Opinion

Australia's long tail of (post-) colonialism



It’s strange how for most people living in these times of heightened valuation of sovereignty and concerns about immigrants landing up on their shores, it’s not mighty odd that countries in the past have come to a foreign land, driven its earlier inhabitants into pockets or worse, and taken it over as their own. While Israel-Palestine, Russia-Ukraine make for grown-up dinner conversation, near-liquidation and takeover of North America and Australia are strangely viewed as ‘let bygones be bygones’. Mega-level double standards have become so normalised that historic theft of land is seen as a tut-tut cliche. Which is why a nice little reminder from Australian senator from Victoria, Lidia Thorpe, is not just refreshing, but points us to the long tail of ‘post-colonial’.
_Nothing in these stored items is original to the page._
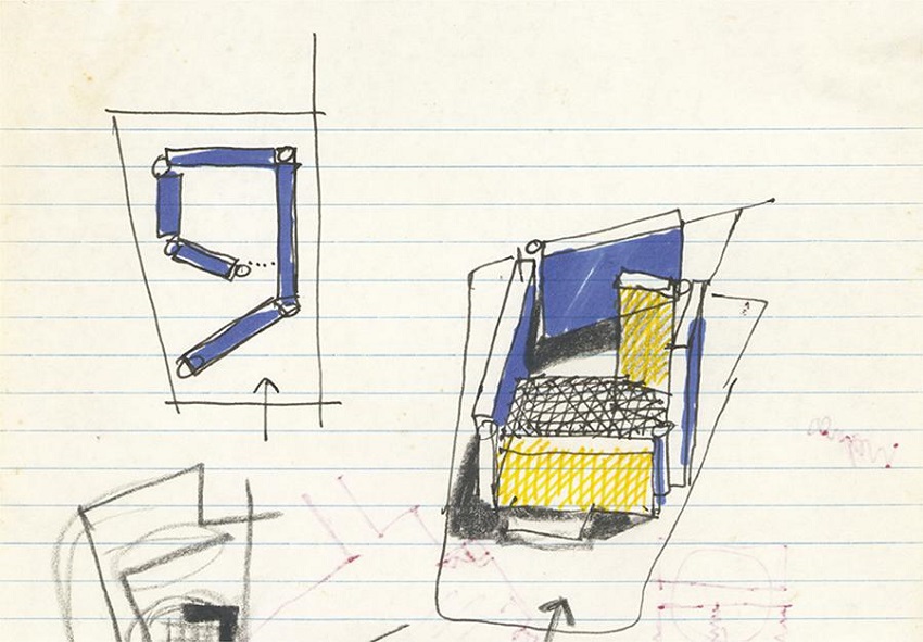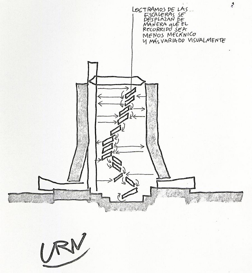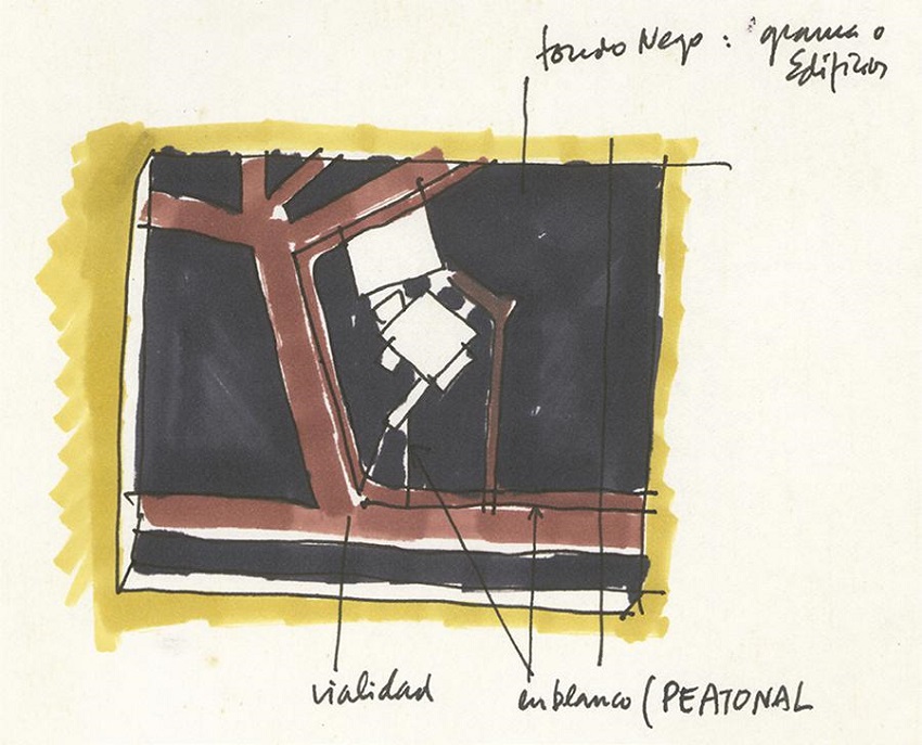 Como en muchos otros proyectos, antes de asumir una posición autónoma de la forma, aunque anclada a la geometría de la parcela, ensayó configuraciones abiertas que seguían los ángulos de ésta. Dos dibujos previos a la propuesta entregada (Figura 4), en base a cinco bloques de distintas alturas y longitudes, articulados por núcleos cilíndricos, así lo demuestran. Esta exploración le permite reflexionar sobre la economía del conjunto cerrado y adoptarlo como concepto del anteproyecto (Figura 5). La idea del gran espacio interior, inédito en el campus, ya está presente con la cubierta cerchada.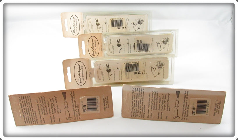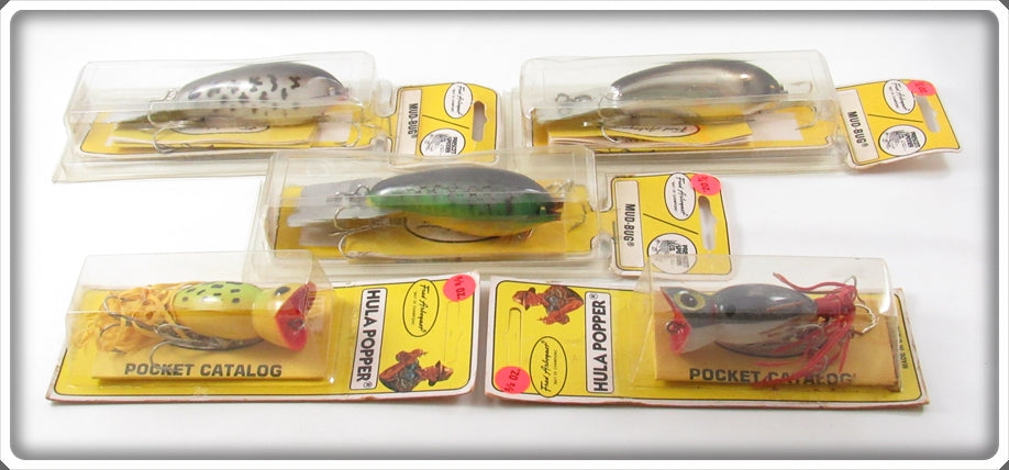 Arbogast Mud Bug & Hula Popper Lot Of Five On Cards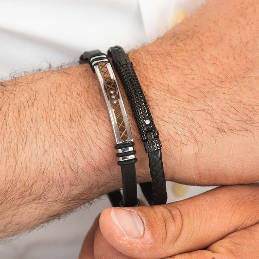 Pulsera de acero inoxidable y cuero Negro con placa central de acero PVD y tornillo H2on HO111-12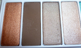 The left side of the palette houses the brown/neutral shades. There's one matte shadow here, Leather. I don't wear dark brown shadows much but when I do, I always reach for Leather. There's absolutely no red tones to it, It applies well & is really pigmented.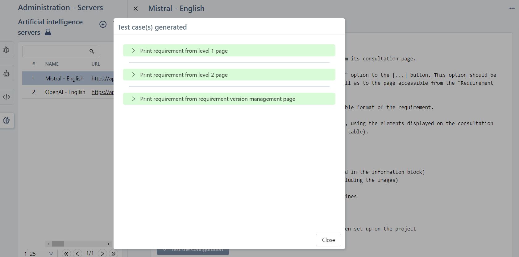 This is an experimental feature that allows the generation of test cases from a requirement. It will be enhanced in the future, particularly thanks to feedback from our users on this first version.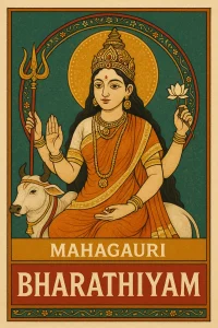 Mahagauri (Day 8): Mahagauri, the eighth form of Navadurga, embodies purity, serenity, and compassion. Her name means “extremely fair” or radiant, symbolizing the brilliance of inner stillness and cleansing grace. Depicted riding a bull and carrying a trident and drum, she is the youthful, gentle form of Parvati who attained great penance to unite with Shiva. Worship of Mahagauri removes past karmic impurities, bestows peace, harmony, and grants devotees spiritual progress along with domestic happiness.

Thorpe heckled Charles Windsor, Britain’s king, who turns out to be Australia’s as well. As a federal parliamentary constitutional monarchy, Aussies could have made, say, Dennis Lillee or Nicole Kidman their monarch. But it’s Charles from London town. Thorpe, in the presence of the VIP Briton visiting Parliament House in Canberra, called for a treaty and accused the crown of stealing aboriginal land, repeating, ‘You are not my king.’ She deemed Charles, a representative of British imperium and beneficiary of colonialism, of being a ‘genocidalist’. Hear, hear, we say, literally.